Task directions: The full set of lines below has to be duplicated exactly, with no picture kept.

Data segment:
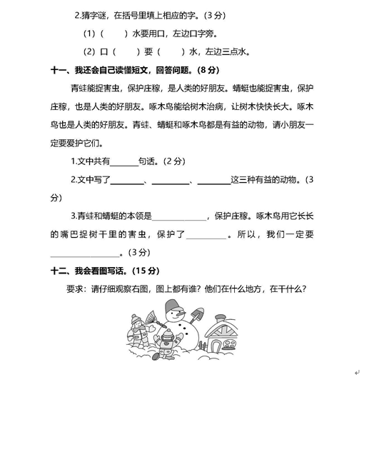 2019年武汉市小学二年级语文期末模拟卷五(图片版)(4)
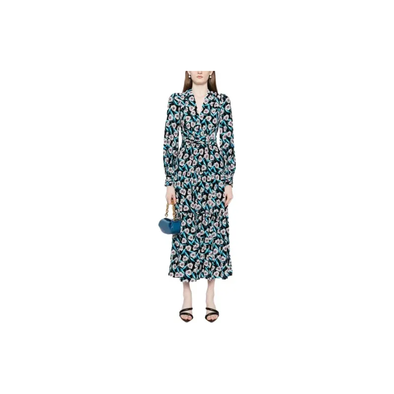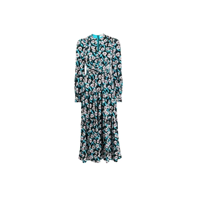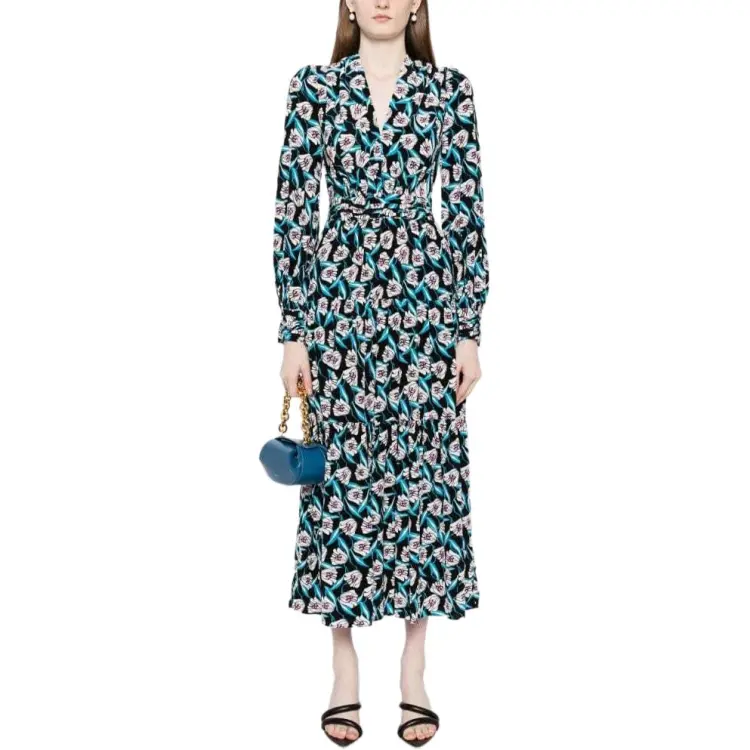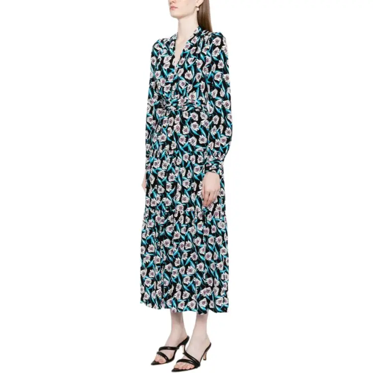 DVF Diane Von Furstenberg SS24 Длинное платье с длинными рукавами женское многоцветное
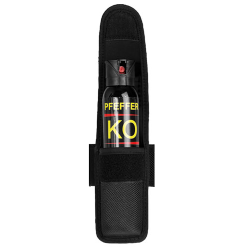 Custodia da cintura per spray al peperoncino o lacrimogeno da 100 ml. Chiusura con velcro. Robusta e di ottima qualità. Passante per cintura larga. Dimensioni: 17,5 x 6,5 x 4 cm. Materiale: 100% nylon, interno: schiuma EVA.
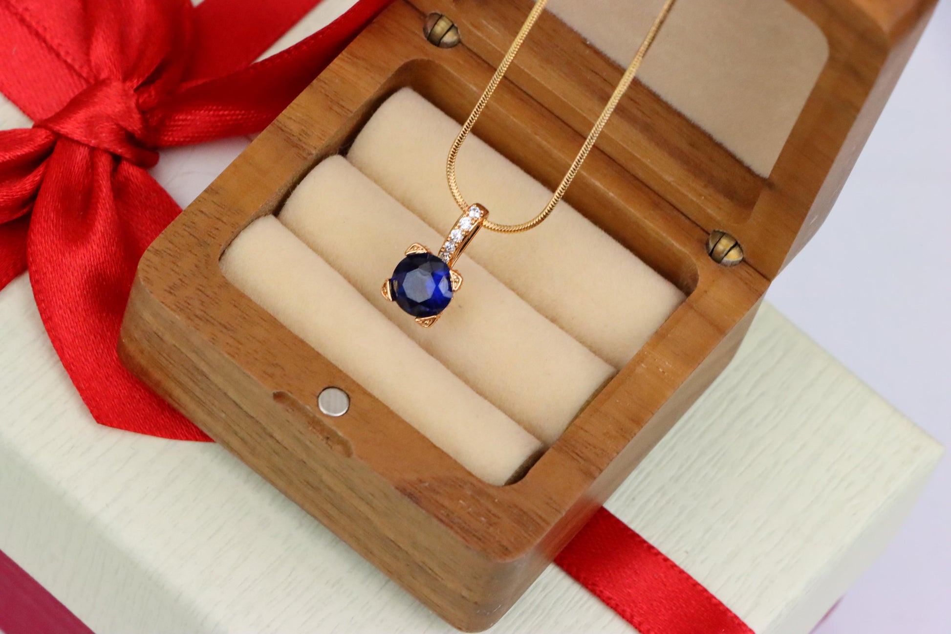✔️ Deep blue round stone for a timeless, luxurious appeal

Output below:
 2019年武汉市小学二年级语文期末模拟卷五(图片版)(4)
 DVF Diane Von Furstenberg SS24 Длинное платье с длинными рукавами женское многоцветное
 Custodia da cintura per spray al peperoncino o lacrimogeno da 100 ml. Chiusura con velcro. Robusta e di ottima qualità. Passante per cintura larga. Dimensioni: 17,5 x 6,5 x 4 cm. Materiale: 100% nylon, interno: schiuma EVA.
✔️ Deep blue round stone for a timeless, luxurious appeal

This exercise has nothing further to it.